A Justiça determinou que a área do antigo Parque de Exposições David Gonçalves Lara, no bairro Angola, em Betim, não poderá ser loteada, vendida ou transferida enquanto estiver em andamento a ação que questiona a legalidade da negociação do imóvel público. A decisão foi proferida na última sexta-feira (21), pela Vara Empresarial e da Fazenda Pública da Comarca de Betim, atendendo a um pedido do Ministério Público de Minas Gerais (MPMG).

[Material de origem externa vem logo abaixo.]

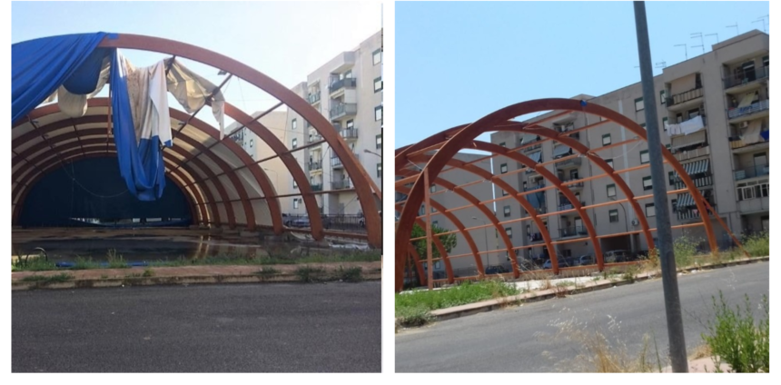 Ecco (come si vede nelle foto) la fine che ha fatto il Centro polisportivo “Don Pino Puglisi”, situato nel quartiere Fondo Iozza, in via Portuense. La copertura che era stata realizzata è stata eliminata e la struttura è stata abbandonata a se stessa. Dopo la realizzazione della copertura, il centro sportivo è finito nelle mani dei vandali. La struttura era stata completata ma la città non ne ha mai usufruito. Adesso al danno si aggiunge la beffa perché la copertura è tutta da rifare.

A Ação Civil Pública foi ajuizada pela 4ª Promotoria de Justiça de Betim, com cooperação do Grupo Especial dos Promotores de Justiça de Defesa do Patrimônio Público e da Probidade Administrativa (Gepp). O objetivo é declarar a nulidade de negócios jurídicos firmados pelo município de Betim que previam a transferência de uma área correspondente a dez lotes do antigo parque de exposições para uma empresa privada.
Segundo o MPMG, a Prefeitura de Betim pretendia utilizar a área pública como forma de compensação por obras executadas pela empresa, por meio de termos de ajustamento municipal e de leis autorizativas aprovadas pelo município.
Para o Ministério Público, a negociação poderia violar normas que regulamentam a alienação de bens públicos e os procedimentos licitatórios previstos na legislação federal.
Ao analisar o pedido, a magistrada reconheceu a existência de elementos que indicam possível irregularidade na operação. A decisão também considerou o risco de que a área fosse repassada à empresa e recebesse intervenções ou obras antes da conclusão do processo, o que poderia dificultar uma eventual reversão da situação.
Medidas determinadas pela Justiça
Na decisão, foi determinado que o município de Betim não formalize qualquer transferência de posse ou propriedade dos terrenos enquanto a ação estiver em tramitação.
A empresa envolvida também foi proibida de realizar intervenções físicas, construções, parcelamentos ou qualquer tipo de obra na área.
Além disso, a Justiça determinou que os imóveis permaneçam vinculados ao município e não sejam negociados ou transferidos a terceiros. A medida deverá ser registrada em cartório, com o objetivo de preservar a área até o julgamento da ação.
A decisão tem caráter cautelar e busca impedir alterações no imóvel enquanto a Justiça analisa o mérito da ação proposta pelo Ministério Público.